Population Conundrum

I stand at my kitchen sink and watch Fred, my nine-year-old neighbor, play football in the backyard. He wears a helmet. He throws the ball. He catches the ball. He gets tackled. He exhibits fierce concentration as he plays all aspects of the game. In his head. Because, you see, Fred plays football by himself.

Pass/Catch Training Football is advertised as, “Composite Fatherless Bounce Back Youtb Football”

We live in the city. A dense neighborhood of 2- and 3- family houses with narrow driveways and tiny yards. I know many neighbors. But no other children close to Fred’s age. School age children in Cambridge are scarce (only 7% of the population), as children are in many American cities. A function of high-cost real estate, aging population, reduced birth-rates, and the societal perception that children should grow up in the country—or at least the suburbs.

From a city-planning perspective, the lack of children in Cambridge is considered a problem. Cambridge wants more children.

China’s population is plateauing, so China has abandoned it’s one-child policy. It wants more Chinese.

South Korea has the lowest birth-rate in the world. It wants more South Koreans.

Beleaguered groups often strive to have more children, for cultural continuation. Native Americans want more Native Americans. Mennonites want more Mennonites. Hasidic Jews want more Hasidic Jews. But these days, even bountiful populations seek to increase and multiply. “I want more babies in the United States of America,” shouted JD Vance in his first address as Vice-President.

Back in 1968, The Population Bomb proclaimed catastrophe for a planet with a mere 3.6 billion people. Yet, somehow, 58 years later we support more than twice that population, with proportionately better nutrition. Who knows the ultimate limit to human population the planet can sustain? Many already believe we’ve passed that dubious milestone. Others project it into some near or distant future. Most die-hard have-a-lot-of-baby people don’t even consider the issue.

What we do know is that at some point Mother Nature is going to stop accommodating these pesky humans tampering with her chosen rhythms and we’re going to get cut back to size. Should we try to curtail our own growth, or let the vicissitudes of nature deal with us how and when she likes?

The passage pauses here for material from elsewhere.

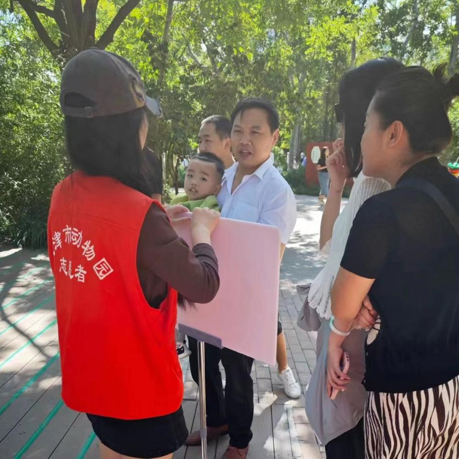 9月30日到10月2日,在为期三天的天津动物园公益活动中,志愿者们积极为游客提供各种咨询服务,以饱满的精神状态坚守在工作岗位。主动上前维护秩序,引导游客们有序进馆参观、在园区内劝阻游客擅自投喂动物、引导游客文明旅游。活动当天,在动物园的每个角落都能看到志愿者们忙碌的身影,他们用行动守护动物安全,为游客提供热情的服务。

In the aggregate, most people believe we should stabilize, if not reduce, the world’s population. They also believe that their particular tribe needs to grow. Therein lies the population conundrum. Reduce them; increase us.

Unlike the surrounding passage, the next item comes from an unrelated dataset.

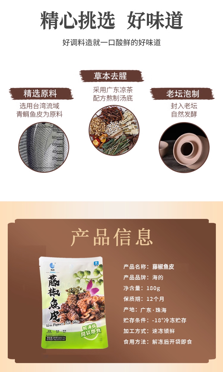 佛山特产海的 藤椒鱼皮卷180g*5包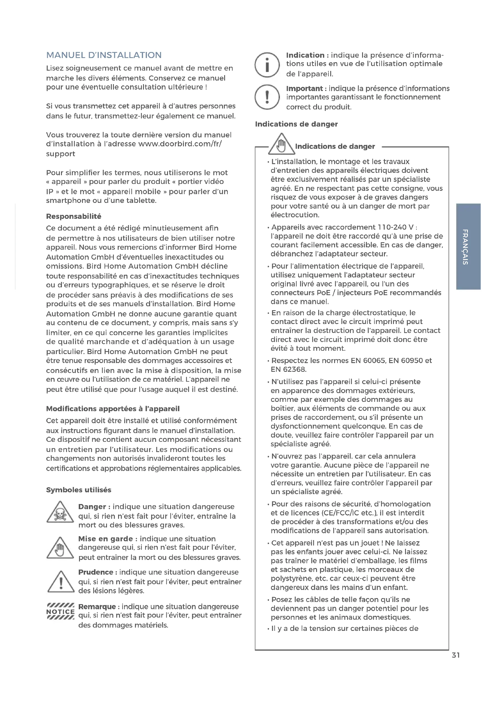 Lisez soigneusement ce manuel avant de mettre en marche les divers éléments. Conservez ce manuel pour une éventuelle consultation ultérieure ! Si vous transmettez cet appareil à d’autres personnes dans le futur, transmettez-leur également ce manuel. Vous trouverez la toute dernière version du manuel d’installation à l’adresse www.doorbird.com/fr/ support Pour simplifier les termes, nous utiliserons le mot « appareil » pour parler du produit « portier vidéo IP » et le mot « appareil mobile » pour parler d’un smartphone ou d’une tablette. Responsabilité Ce document a été rédigé minutieusement afin de permettre à nos utilisateurs de bien utiliser notre appareil. Nous vous remercions d’informer Bird Home Automation GmbH d’éventuelles inexactitudes ou omissions. Bird Home Automation GmbH décline toute responsabilité en cas d’inexactitudes techniques ou d’erreurs typographiques, et se réserve le droit de procéder sans préavis à des modifications de ses produits et de ses manuels d’installation. Bird Home Automation GmbH ne donne aucune garantie quant au contenu de ce document, y compris, mais sans s’y limiter, en ce qui concerne les garanties implicites de qualité marchande et d’adéquation à un usage particulier. Bird Home Automation GmbH ne peut être tenue responsable des dommages accessoires et consécutifs en lien avec la mise à disposition, la mise en œuvre ou l’utilisation de ce matériel. L’appareil ne peut être utilisé que pour l’usage auquel il est destiné. Modifications apportées à l’appareil Cet appareil doit être installé et utilisé conformément aux instructions figurant dans le manuel d’installation. Ce dispositif ne contient aucun composant nécessitant un entretien par l’utilisateur. Les modifications ou changements non autorisés invalideront toutes les certifications et approbations réglementaires applicables. Symboles utilisés

The only form of population control found to be fully effective is actually quite simple. Educate girls. Across time and continents when women get educated, they gain agency, they gain a modicum of control, and they have fewer children. Neither draconian laws against child-bearing, nor incentives to increase it have altered that reality that educated women have fewer babies.

Of course, given the rightward political tack on planet Earth in 2026, only a contrarian would bet on more female empowerment. But that’s another subject.

In this moment, watching Fred literally contort himself to the ground as both running back and opposing safety, I can only imagine he wishes for another—maybe even two or three—football loving nine-year-old’s in the neighborhood.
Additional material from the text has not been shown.